Your output must be the lines below from the line containing "Фасоль стручковая Agama" to the line containing "We step on the", both lines included, reproduced exactly and without pictures.

Stored data -
——
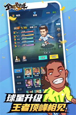 全明星足球破解版是一款集策略、经营与休闲乐趣于一身的Q版足球手游。游戏以轻松可爱的美术风格呈现,玩家将化身俱乐部经理,通过招募球星、培养阵容、制定战术,带领自己的球队征战绿茵场。无论是策略布阵的深度,还是模拟经营的成就感,亦或是轻松上手的休闲体验,都能在这里找到乐趣。
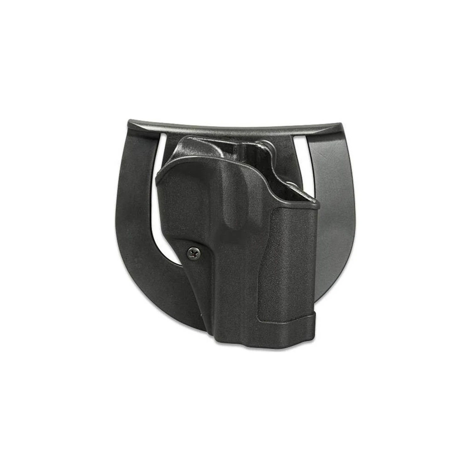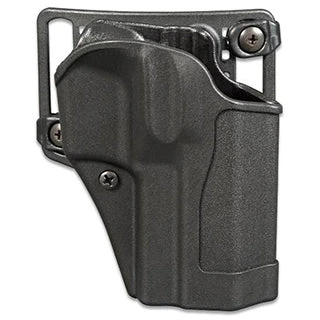 The Blackhawk ® Sportster Standard Holster is a rugged, rigid, synthetic holster with versatile carry options and integrated safety features. A pressure-adjustable detent retention system helps you customize how tightly the holster holds your pistol. The holster grabs onto your handgun’s trigger guard and secures your pistol with just the right amount of tension for safe carry, but won’t impede your draw. It comes ready for wear on your belt but you also receive a paddle attachment so you can wear it as a paddle holster. Durable, rigid construction Pressure-adjustable detent retention system Ready to wear on your belt Can be used as a paddle holster.
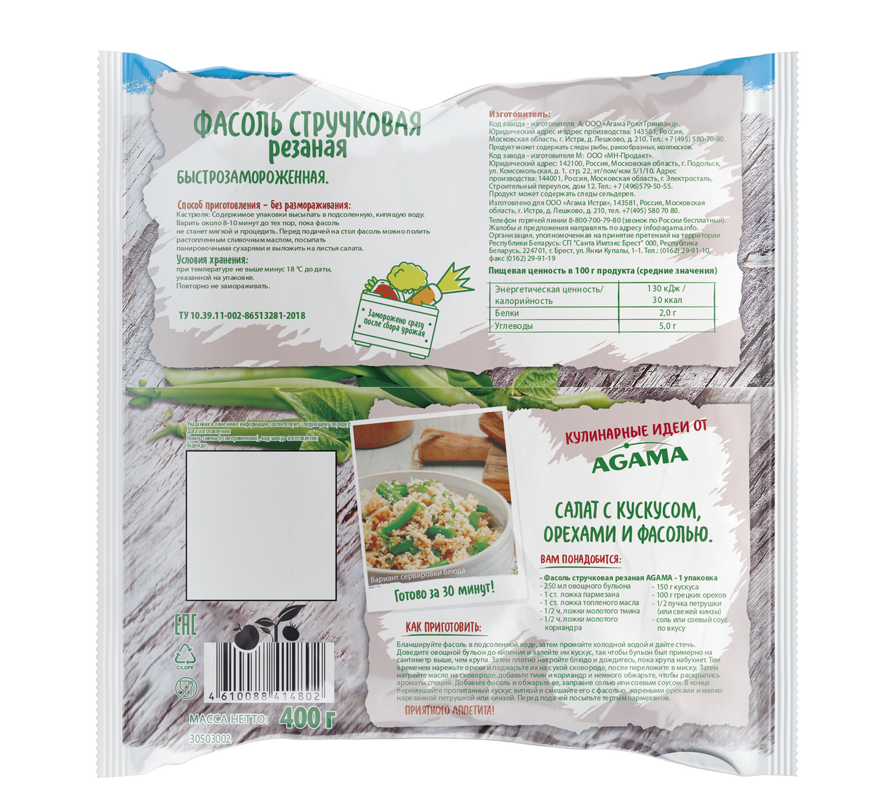 Фасоль стручковая Agama резаная подойдет для приготовления гарниров к мясу, птице, рыбе и морепродуктам, ее можно добавлять в супы, салаты, омлеты и запеканки. Продукт с нежной текстурой и приятным вкусом вносит разнообразие в привычный рацион и приносит пользу организму. Стручковая фасоль богата замедляющими старение антиоксидантами и витаминами, содержит калий, цинк, медь, фосфор, железо и другие элементы.
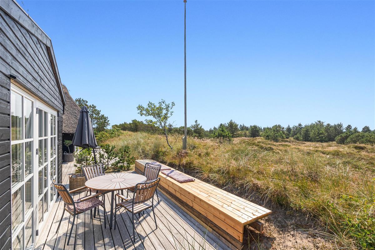 The beautiful natural plot borders a large dune and forest area, perfect for walks. The wooden terrace features lounge and garden furniture where you can relax and enjoy your holiday in the fresh air. Look forward to cosy summer BBQs and North Sea sunsets.
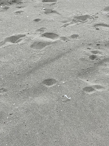 We step on the beach section and the sand is covered in plastic trash and cigarette butts.
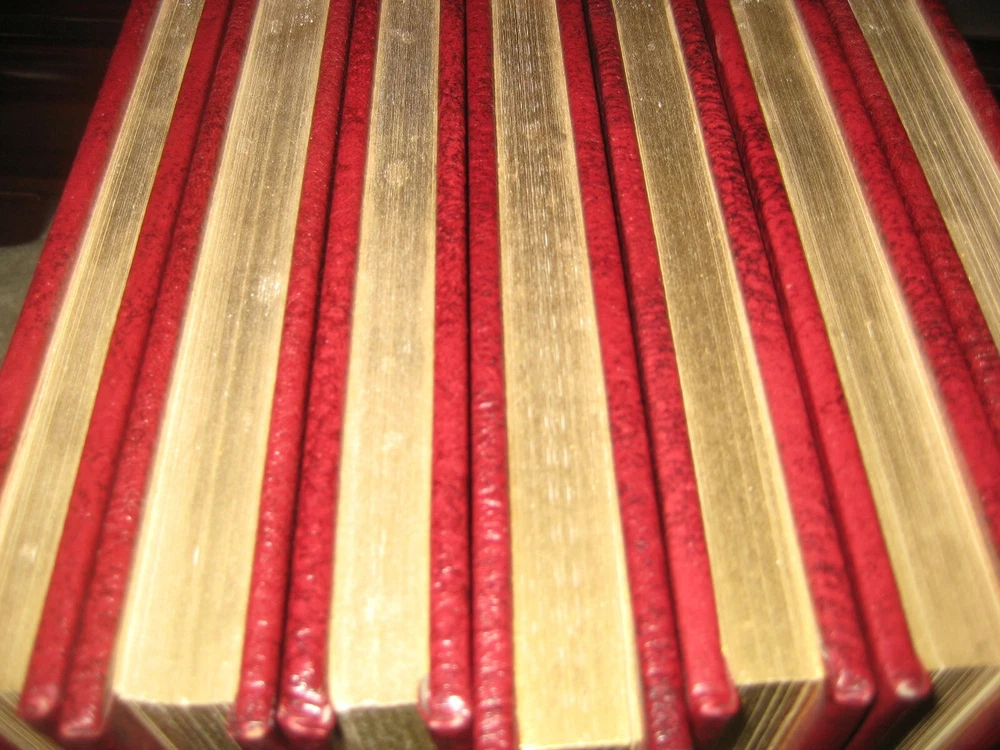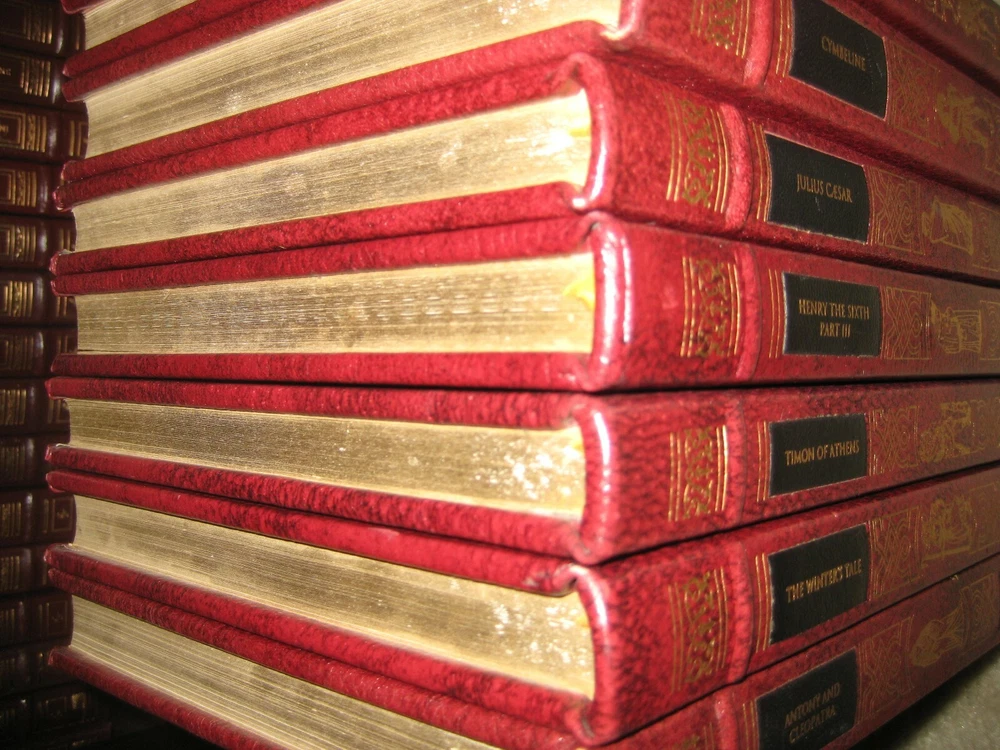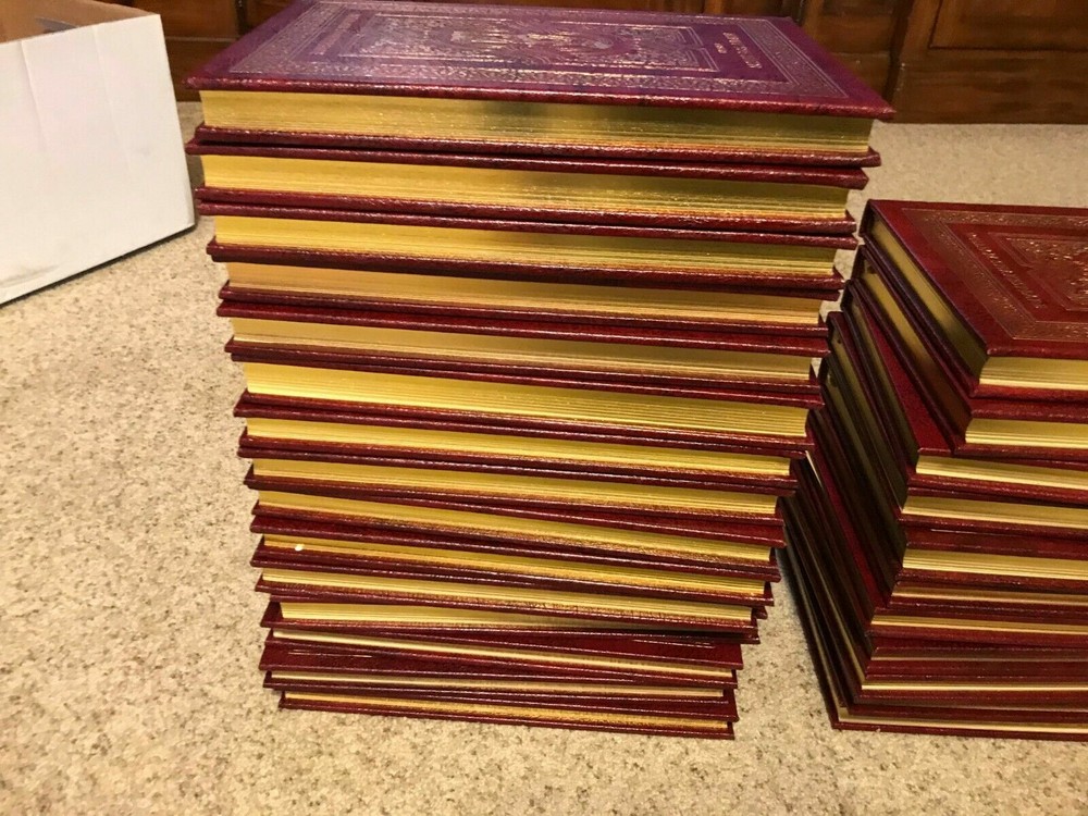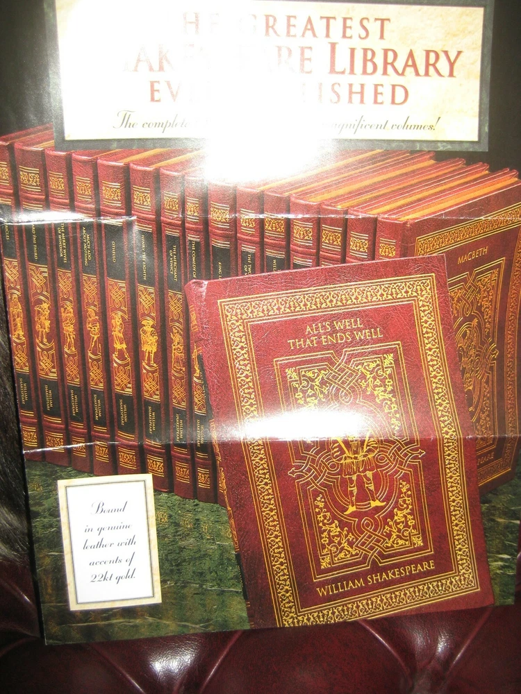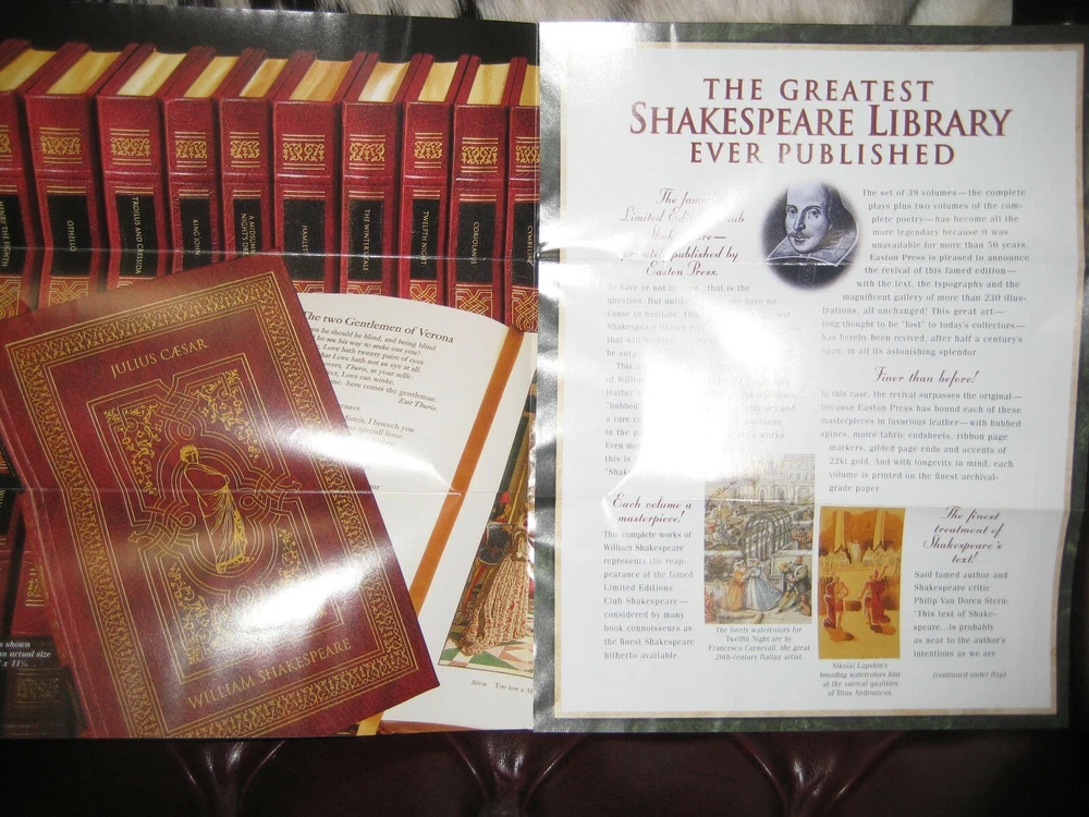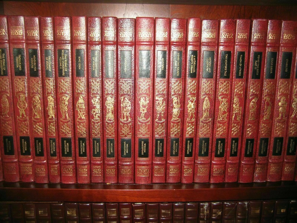 Easton Press - Genuine Leather Bound Collector's Edition The Ultimate Leather Bound Heirloom Collection Very Scarce book in any condition This complete set is near fine, lightly- read condition. Binding is tight with normal shelf wears. G old page edging is still shiny, with beautiful bright end leaves and satin ribbon page marker. NO BOOK PLATE IS ATTACHED THE GREATEST SHAKESPEARE LIBRARY EVER PUBLISHED Easton Press THE COMPLETE WORKS OF WILLIAM SHAKESPEARE in 39 Volumes Complete Leather Set with introductions, notes and illustrations Start your collection today! Magnificently Bound in Genuine Leather. Treat Yourself to Literary Luxury! Keepsake Editions That Can Be Passed Down for Generations. THE COMPLETE WORKS OF WILLIAM SHAKESPEARE in 39 volumes 286 x 197 mm (11 1/4" x 7 3/4") Large Volumes. Publisher's original burgundy Morocco, elaborately gilt, moiré silk end leaves, all edges gilt w ith colored wood engravings, lithographs, line drawings in color and pencil, and collotypes throughout by Eric Gill, Arthur Rackham, Robert Gibbings, W. A. Dwiggins, Sylvain Sauvage, Jean Charlot, Valenti Angelo, and others. profusely illustrated inside. LIST OF TITLES (39 VOLUMES): 1. A Midsummer Night's Dream 2. All's Well that Ends Well 3. Anthony and Cleopatra 4. As You Like It 5. Coriolanus 6. Cymbeline 7. Hamlet 8. Henry the Eighth 9. Henry the Fifth 10. Henry the Fourth, Part I 11. Henry the Fourth, Part II 12. Henry the Sixth, Part I 13. Henry the Sixth, Part II 14. Henry the Sixth, Part III 15. Julius Caesar 16. King John 17. King Lear 18. Love's Labour's Lost 19. Macbeth 20. Measure for Measure 21. Much Ado About Nothing 22. Othello 23. Pericles 24. Richard the Second 25. Richard the Third 26. Romeo and Juliet 27. The Comedy of Errors 28. The Merchant of Venice 29. The Merry Wives of Windsor 30. The Poems of William Shakespeare 31. The Sonnets of William Shakespeare 32. The Taming of the Shrew 33. The Tempest 34. The Two Gentlemen of Verona 35. The Winter's Tale 36. Timon of Athens 37. Titus Andronicus 38. Troilus and Cressida 39. Twelfth Night Easton Press books are bound in genuine premium leather and come with moire fabric endsheets and a permanent satin ribbon page marker. The spines of these luxurious books are accented in 22-karat gold and are hubbed with traditional raised rings. Each unique binding is decorated with a deeply inlaid design of 22-karat gold. The page ends are gilded in 22-karat gold for beauty and protection against dust and humidity. Easton Press Books are also printed on archival-quality acid-neutral paper that is Smyth-sewn for strength and durability .
——
YOUR SOLUTION -
 Фасоль стручковая Agama резаная подойдет для приготовления гарниров к мясу, птице, рыбе и морепродуктам, ее можно добавлять в супы, салаты, омлеты и запеканки. Продукт с нежной текстурой и приятным вкусом вносит разнообразие в привычный рацион и приносит пользу организму. Стручковая фасоль богата замедляющими старение антиоксидантами и витаминами, содержит калий, цинк, медь, фосфор, железо и другие элементы.
 The beautiful natural plot borders a large dune and forest area, perfect for walks. The wooden terrace features lounge and garden furniture where you can relax and enjoy your holiday in the fresh air. Look forward to cosy summer BBQs and North Sea sunsets.
 We step on the beach section and the sand is covered in plastic trash and cigarette butts.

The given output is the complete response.